Stored items from a collection:
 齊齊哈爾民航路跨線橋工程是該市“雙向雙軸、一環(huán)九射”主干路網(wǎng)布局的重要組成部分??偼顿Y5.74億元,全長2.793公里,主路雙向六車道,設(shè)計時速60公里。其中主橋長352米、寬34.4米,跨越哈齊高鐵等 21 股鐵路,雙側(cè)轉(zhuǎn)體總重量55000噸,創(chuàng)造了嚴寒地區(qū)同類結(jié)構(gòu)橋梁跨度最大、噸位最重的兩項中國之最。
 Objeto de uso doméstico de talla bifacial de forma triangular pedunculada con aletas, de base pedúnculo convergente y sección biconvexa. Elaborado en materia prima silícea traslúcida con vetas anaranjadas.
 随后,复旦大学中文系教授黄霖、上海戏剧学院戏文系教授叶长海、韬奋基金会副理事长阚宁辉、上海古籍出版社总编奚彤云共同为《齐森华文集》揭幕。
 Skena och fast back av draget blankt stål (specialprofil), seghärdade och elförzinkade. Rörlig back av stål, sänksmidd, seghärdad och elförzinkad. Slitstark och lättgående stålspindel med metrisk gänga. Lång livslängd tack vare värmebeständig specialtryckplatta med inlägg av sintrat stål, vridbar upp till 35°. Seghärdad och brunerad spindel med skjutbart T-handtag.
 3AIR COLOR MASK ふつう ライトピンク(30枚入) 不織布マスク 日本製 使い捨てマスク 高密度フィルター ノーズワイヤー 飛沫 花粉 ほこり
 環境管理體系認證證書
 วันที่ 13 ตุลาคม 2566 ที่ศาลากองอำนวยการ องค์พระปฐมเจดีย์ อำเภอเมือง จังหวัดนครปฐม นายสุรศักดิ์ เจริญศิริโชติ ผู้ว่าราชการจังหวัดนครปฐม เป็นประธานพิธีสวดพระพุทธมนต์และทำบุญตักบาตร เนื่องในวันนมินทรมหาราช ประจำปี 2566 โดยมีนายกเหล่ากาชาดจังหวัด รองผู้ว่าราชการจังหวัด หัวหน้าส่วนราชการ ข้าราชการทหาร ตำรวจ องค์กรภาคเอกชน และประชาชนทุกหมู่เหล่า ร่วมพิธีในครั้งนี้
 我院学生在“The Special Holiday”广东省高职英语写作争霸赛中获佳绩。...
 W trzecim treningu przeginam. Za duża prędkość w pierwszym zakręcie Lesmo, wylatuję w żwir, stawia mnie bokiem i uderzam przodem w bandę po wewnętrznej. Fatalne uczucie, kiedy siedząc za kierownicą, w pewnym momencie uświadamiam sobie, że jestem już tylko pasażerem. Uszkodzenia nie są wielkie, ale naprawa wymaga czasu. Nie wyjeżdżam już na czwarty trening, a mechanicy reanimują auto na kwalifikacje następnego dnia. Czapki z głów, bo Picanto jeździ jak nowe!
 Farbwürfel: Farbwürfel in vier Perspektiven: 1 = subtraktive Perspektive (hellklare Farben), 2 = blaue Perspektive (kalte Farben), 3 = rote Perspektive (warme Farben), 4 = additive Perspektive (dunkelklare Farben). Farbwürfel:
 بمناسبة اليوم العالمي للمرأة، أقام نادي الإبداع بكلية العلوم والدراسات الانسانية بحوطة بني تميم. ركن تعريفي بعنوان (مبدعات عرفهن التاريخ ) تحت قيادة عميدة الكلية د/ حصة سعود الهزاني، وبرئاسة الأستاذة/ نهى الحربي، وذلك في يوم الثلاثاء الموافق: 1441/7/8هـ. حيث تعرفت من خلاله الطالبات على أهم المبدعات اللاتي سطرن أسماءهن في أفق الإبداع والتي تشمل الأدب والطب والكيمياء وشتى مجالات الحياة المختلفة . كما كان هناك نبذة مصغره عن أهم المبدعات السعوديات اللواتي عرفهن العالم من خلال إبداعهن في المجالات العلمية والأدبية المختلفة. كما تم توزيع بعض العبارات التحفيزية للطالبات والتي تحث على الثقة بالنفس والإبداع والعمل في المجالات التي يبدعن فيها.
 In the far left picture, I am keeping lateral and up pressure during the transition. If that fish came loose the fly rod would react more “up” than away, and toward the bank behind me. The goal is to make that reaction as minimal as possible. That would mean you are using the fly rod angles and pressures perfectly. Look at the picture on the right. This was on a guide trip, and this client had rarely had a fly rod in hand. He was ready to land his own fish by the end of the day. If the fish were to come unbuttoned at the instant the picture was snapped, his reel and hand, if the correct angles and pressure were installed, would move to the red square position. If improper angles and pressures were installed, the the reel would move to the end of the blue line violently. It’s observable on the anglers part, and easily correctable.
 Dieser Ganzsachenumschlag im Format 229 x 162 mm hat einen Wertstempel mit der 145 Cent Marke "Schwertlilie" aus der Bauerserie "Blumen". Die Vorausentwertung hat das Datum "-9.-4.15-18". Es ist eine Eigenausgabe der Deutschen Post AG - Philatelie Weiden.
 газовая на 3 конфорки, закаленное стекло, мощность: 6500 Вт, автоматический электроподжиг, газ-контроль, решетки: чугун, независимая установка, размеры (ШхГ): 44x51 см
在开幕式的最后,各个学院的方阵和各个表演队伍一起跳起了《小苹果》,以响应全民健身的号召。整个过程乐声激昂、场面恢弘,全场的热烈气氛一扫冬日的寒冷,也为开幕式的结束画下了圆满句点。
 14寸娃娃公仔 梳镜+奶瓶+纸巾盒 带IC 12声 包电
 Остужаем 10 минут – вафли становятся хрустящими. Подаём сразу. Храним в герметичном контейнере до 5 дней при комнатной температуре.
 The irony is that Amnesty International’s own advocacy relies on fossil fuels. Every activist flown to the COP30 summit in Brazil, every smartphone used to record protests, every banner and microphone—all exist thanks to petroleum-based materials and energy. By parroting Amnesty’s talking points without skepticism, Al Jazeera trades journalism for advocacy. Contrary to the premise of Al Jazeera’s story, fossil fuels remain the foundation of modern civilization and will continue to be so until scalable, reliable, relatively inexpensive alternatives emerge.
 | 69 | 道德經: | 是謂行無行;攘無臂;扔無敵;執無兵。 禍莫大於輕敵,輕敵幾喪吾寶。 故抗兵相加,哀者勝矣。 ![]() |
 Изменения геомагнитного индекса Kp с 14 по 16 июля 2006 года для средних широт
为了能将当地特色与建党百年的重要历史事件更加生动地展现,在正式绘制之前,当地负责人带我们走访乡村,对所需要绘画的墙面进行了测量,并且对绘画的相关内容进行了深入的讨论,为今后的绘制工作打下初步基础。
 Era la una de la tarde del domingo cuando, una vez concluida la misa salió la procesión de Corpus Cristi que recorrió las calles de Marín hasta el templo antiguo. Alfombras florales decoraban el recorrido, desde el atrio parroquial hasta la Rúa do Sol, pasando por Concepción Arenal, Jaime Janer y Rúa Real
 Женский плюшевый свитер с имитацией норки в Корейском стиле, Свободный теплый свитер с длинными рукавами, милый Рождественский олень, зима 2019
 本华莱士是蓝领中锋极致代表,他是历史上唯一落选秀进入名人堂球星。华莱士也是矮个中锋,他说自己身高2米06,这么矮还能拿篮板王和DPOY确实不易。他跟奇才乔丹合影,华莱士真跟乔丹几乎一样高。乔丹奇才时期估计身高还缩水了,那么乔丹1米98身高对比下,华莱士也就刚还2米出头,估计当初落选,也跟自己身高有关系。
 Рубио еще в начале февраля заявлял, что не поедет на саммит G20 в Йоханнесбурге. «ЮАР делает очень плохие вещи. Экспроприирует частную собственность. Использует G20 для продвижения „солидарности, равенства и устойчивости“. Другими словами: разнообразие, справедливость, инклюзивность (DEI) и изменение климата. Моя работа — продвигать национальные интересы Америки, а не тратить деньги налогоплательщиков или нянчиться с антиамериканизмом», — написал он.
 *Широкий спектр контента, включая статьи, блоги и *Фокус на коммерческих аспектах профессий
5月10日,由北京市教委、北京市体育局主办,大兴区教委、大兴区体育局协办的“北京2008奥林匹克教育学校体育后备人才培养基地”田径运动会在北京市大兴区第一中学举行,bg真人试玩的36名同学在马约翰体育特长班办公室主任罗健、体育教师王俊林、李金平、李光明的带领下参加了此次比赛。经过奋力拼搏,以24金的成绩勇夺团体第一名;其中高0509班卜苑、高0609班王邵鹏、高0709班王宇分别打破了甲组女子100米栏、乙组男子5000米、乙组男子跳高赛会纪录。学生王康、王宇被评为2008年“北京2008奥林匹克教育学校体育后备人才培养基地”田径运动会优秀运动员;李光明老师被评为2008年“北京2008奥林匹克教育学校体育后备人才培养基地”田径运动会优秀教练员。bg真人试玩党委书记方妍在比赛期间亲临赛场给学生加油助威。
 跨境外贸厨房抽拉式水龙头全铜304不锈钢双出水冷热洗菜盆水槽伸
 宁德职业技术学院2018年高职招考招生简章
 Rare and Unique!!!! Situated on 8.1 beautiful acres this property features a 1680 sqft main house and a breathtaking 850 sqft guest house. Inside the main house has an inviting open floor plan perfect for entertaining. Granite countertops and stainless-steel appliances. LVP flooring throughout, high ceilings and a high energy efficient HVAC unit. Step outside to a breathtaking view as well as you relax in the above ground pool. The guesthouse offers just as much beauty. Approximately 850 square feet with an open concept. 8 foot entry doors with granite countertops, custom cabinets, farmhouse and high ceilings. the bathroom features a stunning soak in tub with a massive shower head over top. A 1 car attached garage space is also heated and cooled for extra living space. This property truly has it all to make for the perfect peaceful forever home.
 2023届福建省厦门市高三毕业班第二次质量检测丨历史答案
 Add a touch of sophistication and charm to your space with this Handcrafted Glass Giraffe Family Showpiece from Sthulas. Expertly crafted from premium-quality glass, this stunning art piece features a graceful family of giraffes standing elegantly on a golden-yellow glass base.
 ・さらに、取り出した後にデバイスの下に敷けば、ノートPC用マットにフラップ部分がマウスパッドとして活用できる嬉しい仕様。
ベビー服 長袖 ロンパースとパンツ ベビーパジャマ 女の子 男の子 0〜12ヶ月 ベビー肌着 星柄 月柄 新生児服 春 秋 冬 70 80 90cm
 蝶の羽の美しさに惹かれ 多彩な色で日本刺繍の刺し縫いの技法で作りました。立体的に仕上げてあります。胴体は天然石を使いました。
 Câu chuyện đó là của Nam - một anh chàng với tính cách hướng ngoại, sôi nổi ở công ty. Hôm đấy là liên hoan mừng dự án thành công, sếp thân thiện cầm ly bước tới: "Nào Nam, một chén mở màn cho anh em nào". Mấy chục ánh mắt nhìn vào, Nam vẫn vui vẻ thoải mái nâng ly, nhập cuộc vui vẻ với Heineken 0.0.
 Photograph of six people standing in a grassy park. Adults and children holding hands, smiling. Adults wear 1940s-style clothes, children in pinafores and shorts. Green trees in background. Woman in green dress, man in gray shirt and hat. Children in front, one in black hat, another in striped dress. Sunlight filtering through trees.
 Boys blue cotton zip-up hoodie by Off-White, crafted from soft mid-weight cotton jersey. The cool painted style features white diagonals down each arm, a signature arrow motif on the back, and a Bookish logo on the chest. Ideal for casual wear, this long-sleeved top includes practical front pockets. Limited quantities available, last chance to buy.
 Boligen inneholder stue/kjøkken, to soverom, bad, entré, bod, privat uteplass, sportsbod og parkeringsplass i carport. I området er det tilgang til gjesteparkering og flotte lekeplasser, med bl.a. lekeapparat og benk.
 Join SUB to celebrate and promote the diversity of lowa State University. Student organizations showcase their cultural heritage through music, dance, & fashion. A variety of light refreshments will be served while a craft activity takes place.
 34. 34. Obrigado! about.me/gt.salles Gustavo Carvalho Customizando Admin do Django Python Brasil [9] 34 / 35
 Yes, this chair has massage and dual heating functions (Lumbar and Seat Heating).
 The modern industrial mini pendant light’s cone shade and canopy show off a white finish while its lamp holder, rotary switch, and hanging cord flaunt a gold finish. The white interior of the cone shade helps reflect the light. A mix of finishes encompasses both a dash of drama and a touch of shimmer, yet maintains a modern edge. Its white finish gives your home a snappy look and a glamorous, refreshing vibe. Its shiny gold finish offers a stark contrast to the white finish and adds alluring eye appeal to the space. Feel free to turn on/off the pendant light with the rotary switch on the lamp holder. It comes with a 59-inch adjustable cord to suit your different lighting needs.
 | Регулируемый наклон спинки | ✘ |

EXERCISE DETAILS. When the entries above show the word "while" in a line, copy that line out.

WRITTEN RESPONSE.
 Join SUB to celebrate and promote the diversity of lowa State University. Student organizations showcase their cultural heritage through music, dance, & fashion. A variety of light refreshments will be served while a craft activity takes place.
 The modern industrial mini pendant light’s cone shade and canopy show off a white finish while its lamp holder, rotary switch, and hanging cord flaunt a gold finish. The white interior of the cone shade helps reflect the light. A mix of finishes encompasses both a dash of drama and a touch of shimmer, yet maintains a modern edge. Its white finish gives your home a snappy look and a glamorous, refreshing vibe. Its shiny gold finish offers a stark contrast to the white finish and adds alluring eye appeal to the space. Feel free to turn on/off the pendant light with the rotary switch on the lamp holder. It comes with a 59-inch adjustable cord to suit your different lighting needs.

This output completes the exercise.